Prosorhynchoides thomasi View in CoL n. sp. ( Figs. 1–2 View FIGURES 1 – 2 )

Type host: Plagiotremus tapeinosoma (Bleeker) . Prevalence: 55% (6/11) Other hosts: Plagiotremus rhinorhynchos (Bleeker) . Prevalence: 85% (5/6)

Site of Infection: Intestine

Type Locality: Lizard Island, Australia (14°40’S, 145°20’E)

Deposition of Specimens: Queensland Museum, Brisbane, Australia; Holotype QM G227597, Paratypes QM G 227598-227606

Etymology: This species is named after our friend and colleague, Mr Rick Thomas for all his encouragement and support.

Description ( Figures 1 & 2 View FIGURES 1 – 2 ). Based on 11 whole-mounts. Body ellipsoidal, 1120–1496 (1289) × 272–560 (407), tegument spiny. Rhynchus a simple muscular sucker, 128–183 (161) long × 141–183 (162) wide. Mouth ventral, at midbody; pharynx, spherical 87–148 (116) long × 96–145 (115) wide. Caecum, sac-like, extends anteriorly beyond anterior margin of ovary, 170–331 (213) long.

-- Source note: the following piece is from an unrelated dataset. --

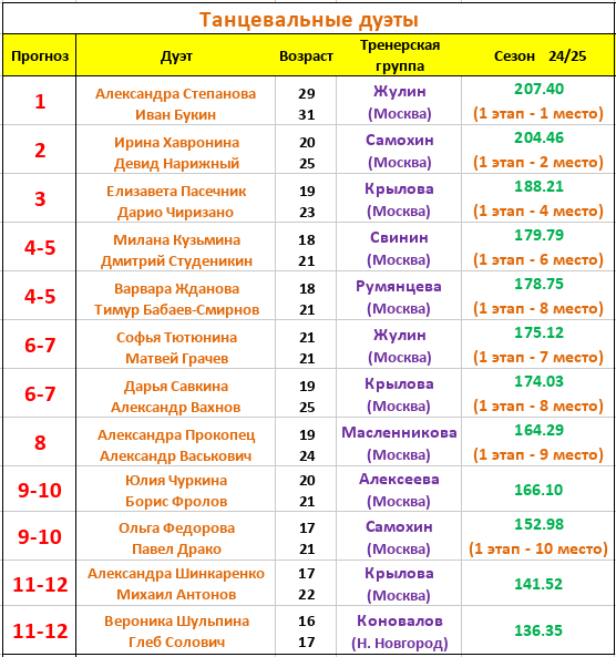 Несмотря на всенародную любовь Варя Жданова/Тимур Бабаев-Смирнов опустились в рейтинге относительно прошлого сезона, а все потому, что их обошла большая группа бывших юниоров. С одной из таких пар (Милана Кузьмина/Дмитрий Студеникин) на предстоящем этапе Варя с Тимуром будут соперничать за 4 место. Будущий пьедестал этапа очерчен достаточно четко. Лиза Пасечник/Дарио Чиризано сделают еще одну попытку чисто откатать обе свои сложнейшие программы, с большим количеством "трюковых" элементов. При этом задача-минимум совпадает с задачей-максимум - занять 3 место и набрать больше 190 баллов.

Testes, two, round, symmetrical, between pharynx and posterior extremity of body, with anterior testicular margin occasionally overlapping pharynx; anterior testis 93–173 (142) long × 96–173 (144) wide; posterior testis 100–170 (137) long × 100–180 (142) wide. Cirrus-sac ( Figure 2 View FIGURES 1 – 2 ) median to sinistral, 308–475 (367) long × 70–106 (89) wide, extending to mid-level of posterior testis. Seminal vesicle ovoid 37–80 (61) long × 48–167 (82) wide, within proximal portion of cirrus-sac. Pars prostatica straight, highly glandular, 241–286 (261) long, joins with seminal vesicle. Ejaculatory duct narrow, short. Genital atrium ovoid containing hook-shaped genital lobe with 2 projections. Common genital pore median ventro-subterminal.

Ovary, pre-testicular, spherical, 98–173 (139) long × 105–183 (147) wide, antero-dextral to pharynx, 562–784 (642) from posterior extremity. Mehlis’ gland dextral, between posterior testis and ovary. Laurer’s canal not seen. Vitelline follicles forming two compact lateral groupings at level of posterior third of rhynchus, extending anteriorly to 109–164 (133) from anterior extremity. Vitelline ducts open into öötype within Mehlis’ gland. Uterus voluminous and convoluted, ascending sinistrally to level of vitelline follicles, then descending and opening into genital atrium. Eggs numerous, tanned, oval 13–22 (18) long × 7–12 (10) wide. Excretory pore terminal. Excretory vesicle I shaped, extending to anterior quarter of body.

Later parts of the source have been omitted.